What you are asked to do: Can the lines below, from the one that holds "Тр Обр 2. | |" to the very end, be echoed exactly, with both ends included and no pictures?

Source material:
================
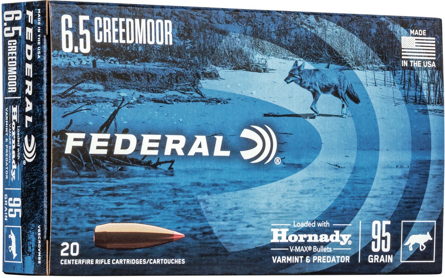 Crafted in the USA, the Federal Premium Varmint and Predator 6.5 Creedmoor 95-Grain Centerfire Rifle Ammunition features Hornady® V-Max® bullets with durable brass primers and a 3,300 fps muzzle velocity. 20-round box.
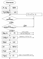| Режим записи можно разделить на две фазы. В первой фазе информация считывается из ЗУ, как и в режиме “Чтение”. Отличие от режима “Чтение” состоит в том, что одновременно с выдачей в МА адреса ячейки памяти, процессор выдаёт по специальной шине признак записи (ПрЗп), а в ЗУ момент снятия сигнала ЗАН отсчитывается не от сигнала Обр1, а от сигнала Обр2. После получения информации из МЧт по сигналу ПрС и обработки её процессор по КШУ 1 выдаёт в УК сигнал Тр Обр 2. | |
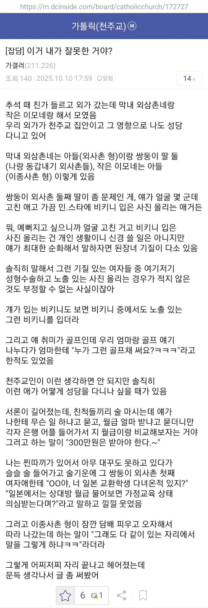 열람중 월급 물어보고 비교하는 친척에게 가정교육 드립친 썰 등급아이콘 레벨아이콘 커뮤관리자 17:56 54
================
Result of this task:
| Режим записи можно разделить на две фазы. В первой фазе информация считывается из ЗУ, как и в режиме “Чтение”. Отличие от режима “Чтение” состоит в том, что одновременно с выдачей в МА адреса ячейки памяти, процессор выдаёт по специальной шине признак записи (ПрЗп), а в ЗУ момент снятия сигнала ЗАН отсчитывается не от сигнала Обр1, а от сигнала Обр2. После получения информации из МЧт по сигналу ПрС и обработки её процессор по КШУ 1 выдаёт в УК сигнал Тр Обр 2. | |
 열람중 월급 물어보고 비교하는 친척에게 가정교육 드립친 썰 등급아이콘 레벨아이콘 커뮤관리자 17:56 54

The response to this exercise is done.